Aux Pays-Bas, les transporteurs soulignent, de leur côté, que la hausse des prix du carburant s’ajoute à d’autres augmentations de coûts auxquelles le secteur est confronté depuis plusieurs années.

En plus d’un diesel plus cher, les transporteurs néerlandais indiquent que les entreprises doivent aussi composer avec des coûts de main-d’œuvre plus élevés et des contraintes réglementaires supplémentaires.

Cette année, les coûts de main-d’œuvre dans le seul secteur du transport devraient augmenter d’environ 6 %. Dans le même temps, les entreprises doivent encore investir dans la numérisation et la transition énergétique de la flotte », note l’organisation néerlandaise de transport TLN.

Un autre défi sera également l’introduction de péages pour les camions. À partir du 1er juillet, cette nouvelle redevance pourrait représenter, pour de nombreux véhicules, une augmentation des coûts d’environ 20,1 centimes par kilomètre.

Les marges dans le transport sont très faibles depuis des années. Cette accumulation de coûts rend de plus en plus difficile pour de nombreuses entreprises de rester sur le marché », souligne Elisabeth Post, présidente de la TLN.

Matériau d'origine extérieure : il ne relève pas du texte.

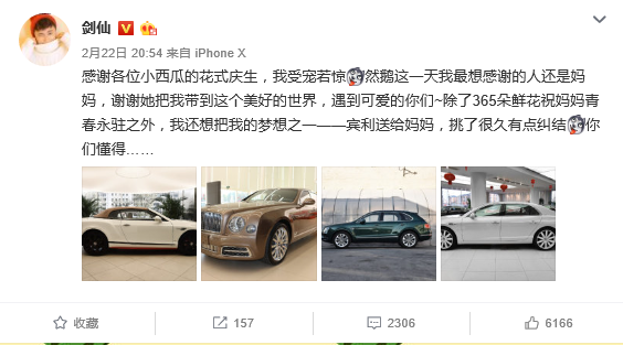 最近《王者荣耀》里最火的消息莫过于95后主播剑仙要给妈妈买一辆宾利做新年礼物的事:原来大年初七是剑仙的生日,粉丝们和妈妈都在直播间给他过生日,当天剑仙的礼物收到手软。粉丝们又是包下武汉、上海繁华街段的灯箱广告、“上海碗”循环播放,让剑仙这个生日过的非常有意义,剑仙表示非常感谢。 每一个人的生日,都可以说是妈妈的受难日,所以在这一天里,孝顺的剑仙除了一大早就给妈妈送去一束365朵的康乃馨以外,晚上当着400万粉丝的面,表示自己要送给妈妈一个特别大的礼物——一辆价值数百万的宾利车,羡煞粉丝。 剑仙是出了名的孝顺,此前已经有资讯曝光他每个月数十万的收入都交给妈妈保管。不过他又不是妈宝男的那种。妈妈早就在采访中提到过,剑仙从小就特别有想法,不会让父母当心,知道什么时候该做什么事,不用督促自己就会去努力。所以剑仙的爸爸妈妈很放心让儿子去做自己想做的事,而今他终于在自己喜欢的事情上做出了成绩。 在收到剑仙要送礼物的消息后,妈妈回复:“不要车子,只要你平安健康开心赶紧给我找个儿媳妇就好!生日快乐大宝贝。”妈妈的回复立刻引来粉丝们的围观,原来再贵重的礼物都不如有人照顾剑仙么?真是天下父母心,不过大西瓜会缺女朋友吗?立刻400万粉丝报名,男粉推荐自己的姐姐妹妹,游戏打得好又帅气多才的男生凤毛棱角了好吗? 不过单身了二十多年连女生手都没摸过,见面会上妹子在身边还会害羞的他,怕是不好找女朋友哦!连粉丝都说:“比起找女朋友来说,还是买宾利车比较简单一点。” |

Le secteur réclame des mesures d’urgence

Les organisations professionnelles du transport à travers l’Europe appellent les gouvernements à agir rapidement pour limiter l’impact de la hausse des carburants.

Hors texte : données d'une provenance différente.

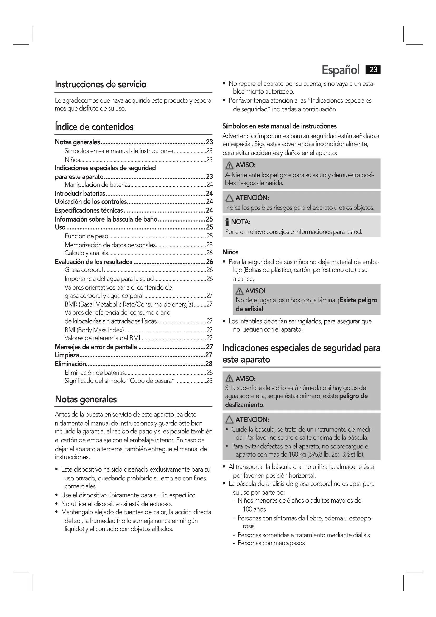 - Información sobre la báscula de baño p. 25

Parmi les mesures proposées figurent notamment :

  • un soutien immédiat à la trésorerie des entreprises de transport,
  • une augmentation des capacités de financement,
  • des mécanismes permettant d’indexer plus fréquemment les tarifs de transport sur les prix du carburant.

Les transporteurs rappellent que, dans de nombreux contrats, les mécanismes d’indexation carburant fonctionnent avec un décalage pouvant atteindre un an.

Le secteur plaide donc pour des solutions temporaires permettant d’actualiser mensuellement les tarifs de transport en fonction de l’évolution du prix du diesel.

Certains gouvernements interviennent déjà

Face à la hausse des carburants, certains États européens ont commencé à intervenir.

Le Portugal a annoncé une réduction temporaire de la taxe sur les produits pétroliers et énergétiques appliquée au diesel. Sans cette mesure, le prix du carburant aurait augmenté d’environ 23,4 centimes par litre. L’allègement fiscal représente une baisse d’environ 3,55 centimes par litre, soit 4,37 centimes après prise en compte de la TVA.

Dans d’autres pays d’Europe centrale, les autorités sont allées plus loin.

La Croatie a plafonné le prix du diesel à 1,55 euro le litre afin d’éviter une hausse attendue à environ 1,72 euro.

En Hongrie, un prix maximal de 615 forints par litre a été instauré pour les véhicules immatriculés dans le pays, y compris les camions.

La Slovénie a adopté un modèle mixte combinant réduction des droits d’accise et plafonnement administratif des prix.